Experten rechnen damit, dass in den kommenden Monaten massiv Kapital von der Insel abfließen und dies zu einem Wirtschaftseinbruch führen wird. Großbritannien ist wegen seines hohen Leistungsbilanz-Defizits auf ausländisches Geld angewiesen. Bereits in den Monaten vor der Abstimmung zog die Diskussion um den Brexit die britische Wirtschaft in Mitleidenschaft. Im ersten Quartal gingen die Investitionen erstmals seit drei Jahren zurück.

Pfund erleidet Kurs-Kollaps

An den Devisenmärkten herrschte Panik. Der Kurs des Pfund Sterling stürzte am Morgen um bis zu 11,1 Prozent ab und lag mit 1,3232 Dollar so niedrig wie zuletzt im September 1985. Der Euro fiel um bis zu 4,1 Prozent auf ein Dreieinhalb-Monats-Tief von 1,0914 Dollar.

Das sagen Ökonomen zum Brexit-Entscheid

  • Christine Lagarde, Chefin des Internationalen Währungsfonds (IWF)

    „Wir müssen einen sanften Übergang in eine neue wirtschaftliche Beziehung sicherstellen. Der IWF unterstützt die Bank von England und die Europäische Zentralbank darin, für die nötige Liquidität des Bankensystems zu sorgen und Schwankungen nach der Abstimmung zu begrenzen.“

  • Eric Schweitzer, Präsident des Deutschen Industrie- und Handelskammertages (DIHK)

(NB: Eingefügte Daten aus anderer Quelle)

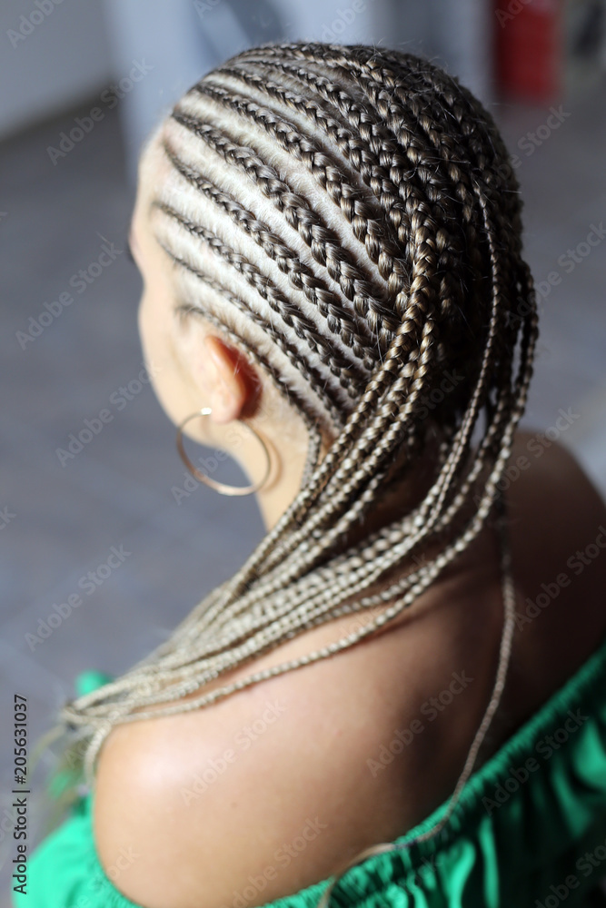 The process of creating an African hairstyle super curls, Senegal pigtails, boxing braids, the material is attached to a thin pigtail, ready hairstyle

    „Der Brexit ist für die deutsche Wirtschaft ein Schlag ins Kontor.“

  • Anton Börner, Präsident des Außenhandelsverbandes BGA

    „Die Briten werden die Ersten sein, die unter den wirtschaftlichen Folgen leiden werden.“

  • Markus Kerber, Hauptgeschäftsführer des Industrieverbandes BDI

    „Wir erwarten in den kommenden Monaten einen deutlichen Rückgang des Geschäfts mit den Briten. Neue deutsche Direktinvestitionen auf der Insel sind kaum zu erwarten.“

  • Matthias Wissmann, Präsident des Verbandes der Automobilindustrie (VDA)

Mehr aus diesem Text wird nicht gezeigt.